Ham and Sweet Potato Soup

Really, the best soups are the ones that simmer all day and fill your house with an irresistible aroma. This sweet and savory slow cooker soup with ham, sweet potatoes, apple, and a whisper of cinnamon is exactly that — comfort in a bowl with minimal effort.
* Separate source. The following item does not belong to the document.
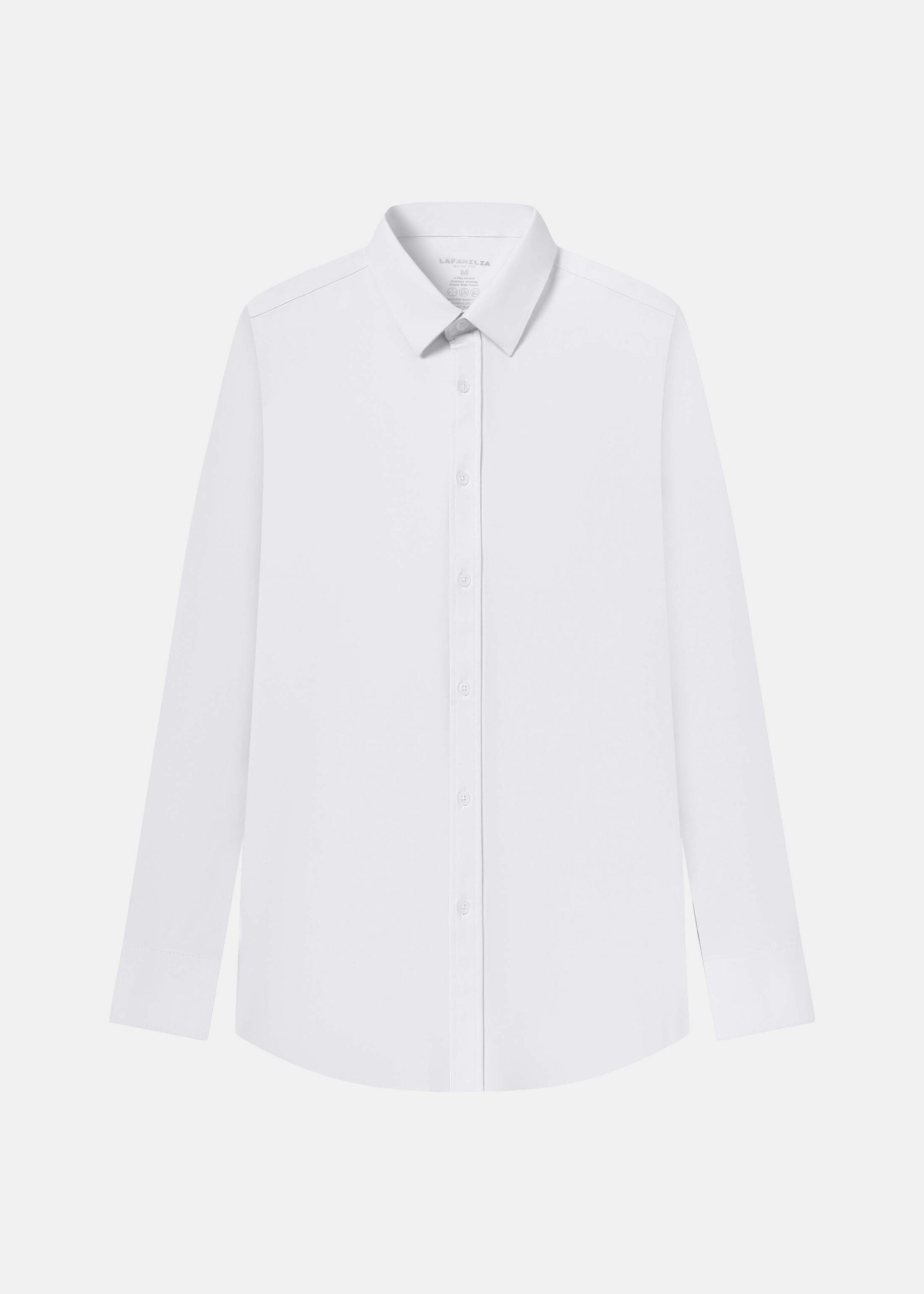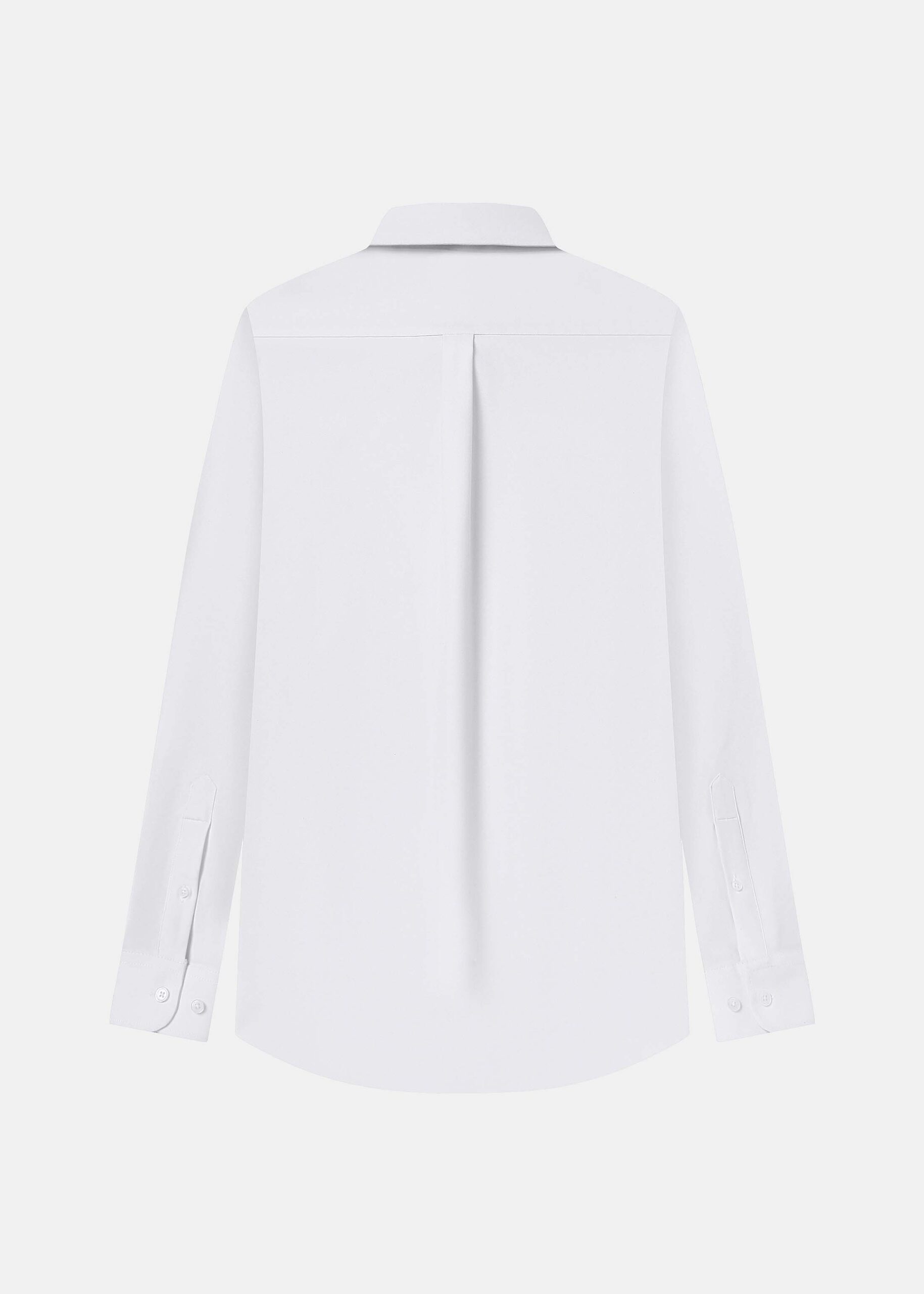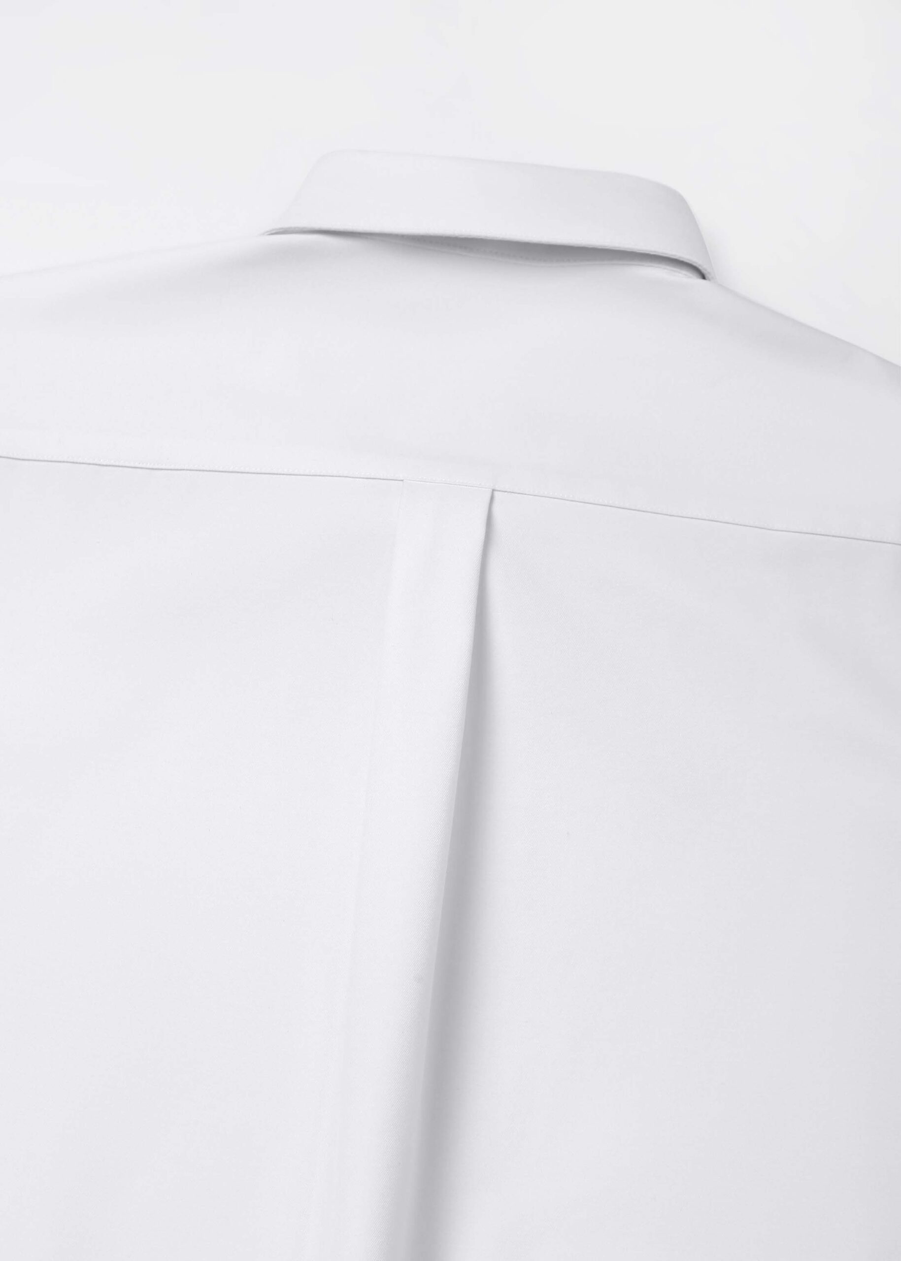 Men shirt, slim-fit, plain, rolled collar, front buttons to close, long sleeves with tight cuff, unique and modern

Serving: 6 | Prep Time: 15 minutes | Cooking Time: 480 minutes
Ingredients
Soup Base
- 2 tablespoons unsalted butter
- 1 large yellow onion, finely diced
- 2 large cloves garlic, minced
- 1.5 pounds smoked ham, cut into 1/2-inch cubes
- 2 medium sweet potatoes (about 1.5 lbs), peeled and cut into 1/2-inch cubes
- 1 large Honeycrisp apple, peeled, cored, and cut into 1/2-inch cubes
- 4 cups low-sodium chicken broth
- 1 cinnamon stick (about 3 inches)
- 1/2 teaspoon freshly grated nutmeg
- 1/2 teaspoon kosher salt
- 1/4 teaspoon freshly ground black pepper
For Finishing
- 1/4 cup heavy cream (optional)
- Fresh parsley, chopped, for garnish
Instructions
- In a large skillet over medium heat, melt 2 tablespoons unsalted butter. Add the finely diced onion and cook, stirring occasionally, until translucent, about 5 minutes.
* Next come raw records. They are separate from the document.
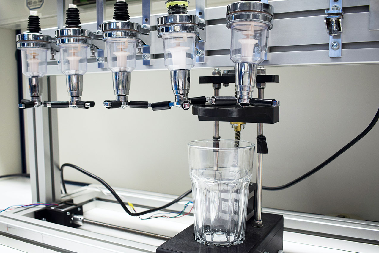An der Schneidestation für Zitrusfrüchte bewegen zwei Motoren einen Stempel durch einen Messerblock und schneiden die eingelegten Früchte. Am Ende kann die Mischung mit Hilfe eines Rührwerks gerührt werden. Der Rührer taucht in das Glas und mischt den Cocktail. Dann fährt er wieder aus dem Glas und der Cocktail wird gemischt!
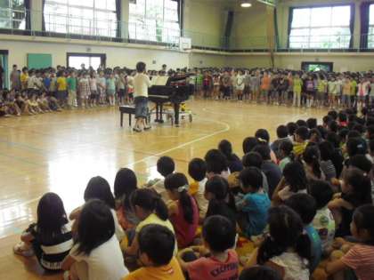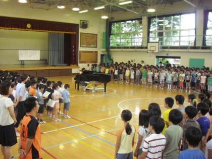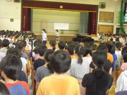 体育館で音楽集会がありました。これまでに低学年だけで音楽集会、高学年だけで音楽集会という機会を設けて、それぞれのパートを練習してきたのですが、今日は、それを合わせて歌いました。曲名は、「南風にのって」です。みんなで歌うのは、今日が最後ですが、それぞれの学級やお友達で歌ってくれたらとお話がありました。
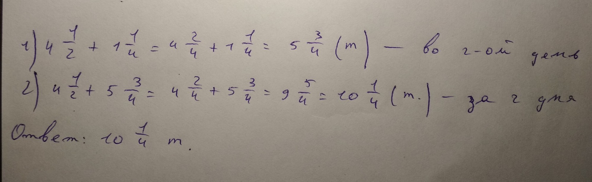 4 1/2+1 1/4=(1+4)+(1/4+1/2)=5 3/4
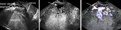 Reference(s):Hasegawa J, Matsuoka R, Ichizuka K, Mimura T, Sekizawa A, Farina A, Okai T. Predisposing factors for massive hemorrhage during Cesarean section in patients with placenta previa. Ultrasound Obstet Gynecol 2009;34(1):80–4. PubMed PMID: 19565529. Yang JI, Lim YK, Kim HS, Chang KH, Lee JP, Ryu HS. Sonographic findings of placental lacunae and the prediction of adherent placenta in women with placenta previa totalis and prior Cesarean section. Ultrasound Obstet Gynecol 2006;28(2):178–82. PubMed PMID: 16858740. Chou MM, Tseng JJ, Hwang JI, Ho ES, Lee YH. Sonographic appearance of tornado blood flow in placenta previa accreta/increta. Ultrasound Obstet Gynecol 2001;17(4):362–3. PubMed PMID: 11339200.
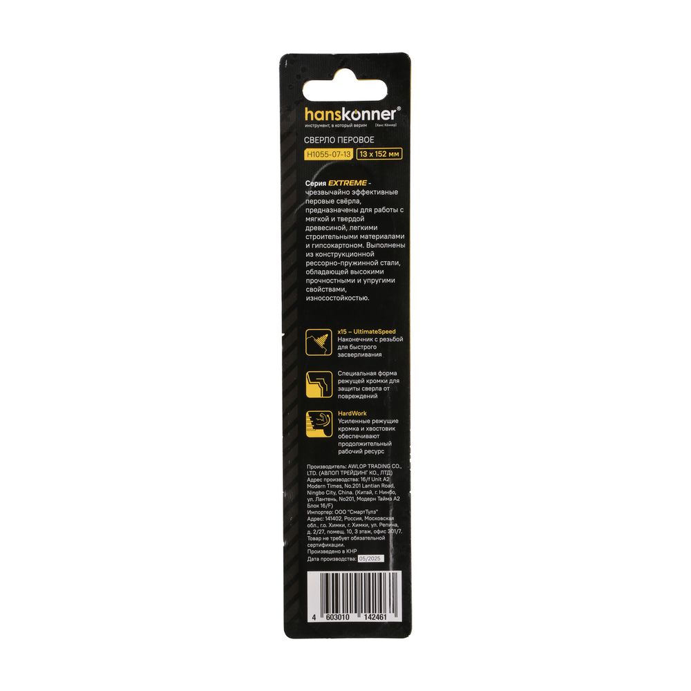 Читать все статьиСверло перовое по дереву 13мм, высококачеств. сталь, шестигр. хвостовик, Hanskonner
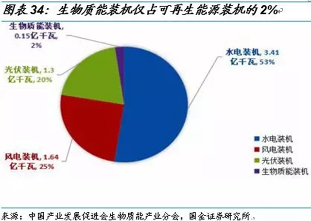 2017年生物質(zhì)發(fā)電量占總發(fā)電量的1.2%。截至2017 年12 月31 日,全國可再生能源發(fā)電裝機容量6.5億千瓦,占總電力裝機的36.6%。其中水電裝機(含抽水蓄能)3.41億千瓦,風電裝機1.64億千瓦,光伏發(fā)電裝機1.3億千瓦,生物質(zhì)發(fā)電裝機1476萬千瓦。2017 年全國總發(fā)電量65000 億千瓦時,其中可再生能源發(fā)電量16979 億千瓦時,占總發(fā)電量的26.1%。其中水電發(fā)電量11945 億千瓦時,占總發(fā)電量的18.4%,風電發(fā)電量3057 億千瓦時,占總發(fā)電量的4.7%,光伏發(fā)電量1182 億千瓦時,占總發(fā)電量的1.8%,生物質(zhì)發(fā)電量795 億千瓦時,占總發(fā)電量的1.2%。
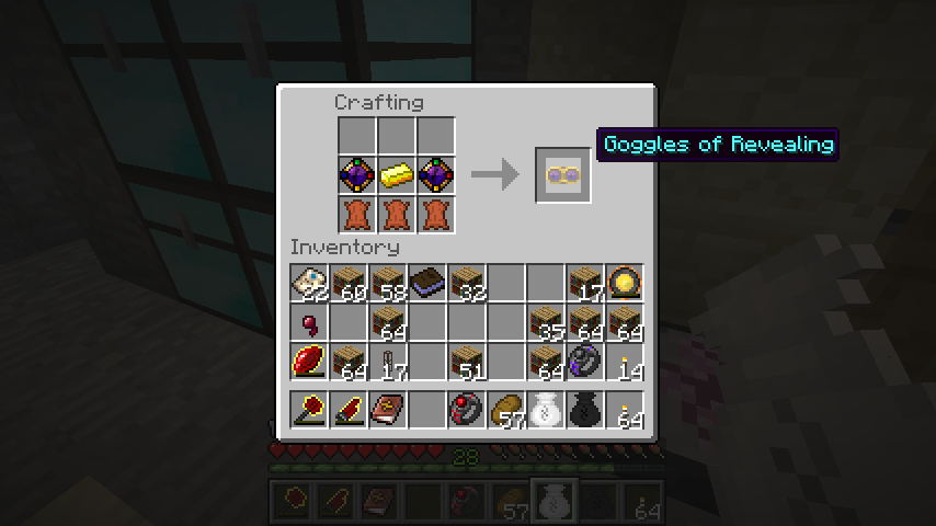 ソーモメータ*2、金インゴット、皮*3で洞察の眼鏡(Goggles of Revealing)。
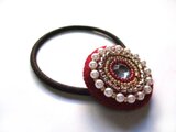 素材:特小・丸大ビーズ、合成皮、ヘアゴム、ビジュー、パールビーズ

- Add the minced garlic to the skillet and cook for 30 seconds until fragrant, then transfer the onion and garlic to a 6-quart slow cooker.
- Add the cubed ham, sweet potatoes, and apple to the slow cooker. Pour in 4 cups low-sodium chicken broth. Add the cinnamon stick, nutmeg, salt, and pepper. Stir to combine.
- Cover the slow cooker and cook on LOW for 8 hours, or until the sweet potatoes are tender when pierced with a fork. (Tip: For a thicker soup, remove the lid during the last 30 minutes to allow some liquid to evaporate.)
- Remove the cinnamon stick and discard. Using an immersion blender, puree the soup to your desired consistency — I like to leave some texture for a chunky-smooth finish. (Tip: If using a countertop blender, blend in batches and remove the center cap to allow steam to escape; cover with a towel.)
- Stir in 1/4 cup heavy cream, if using, for extra richness. Taste and adjust salt and pepper as needed. (Tip: The sweetness from the apple and sweet potatoes may change the seasoning; a pinch more salt can balance it.)
- Ladle the soup into bowls and garnish with fresh parsley. Serve hot.
Beneath its velvety surface, this soup delivers a surprising pop of apple brightness and a gentle warmth from cinnamon and nutmeg. Serve it with crusty bread for dipping, or top with crispy fried sage leaves for a savory crunch that takes it over the top.
Ham and Kale Soup

Everything you need is in one pot. This ham and kale soup simmers low and slow, turning humble ingredients into a garlicky, brothy hug. No fuss, just bold flavor.
Serving: 8 | Prep Time: 15 minutes | Cooking Time: 480 minutes
Ingredients
Soup
- 1 tablespoon avocado oil
- 1 large yellow onion, finely diced
- 4 cloves garlic, minced
- 2 cups cooked ham, diced (about 10 oz)
- 6 cups low-sodium chicken broth
- 2 cups water
- 1 teaspoon kosher salt
- 1/2 teaspoon freshly ground black pepper
- 1/2 teaspoon red pepper flakes (optional)
- 2 (15-oz) cans cannellini beans, drained and rinsed
- 1 large bunch kale (about 8 cups), stems removed and leaves roughly torn
- 2 sprigs fresh thyme
- 1 bay leaf
Instructions
- Heat avocado oil in a large skillet over medium-high heat. Sauté onion until translucent, about 4 minutes. Add garlic and cook for 30 seconds until fragrant.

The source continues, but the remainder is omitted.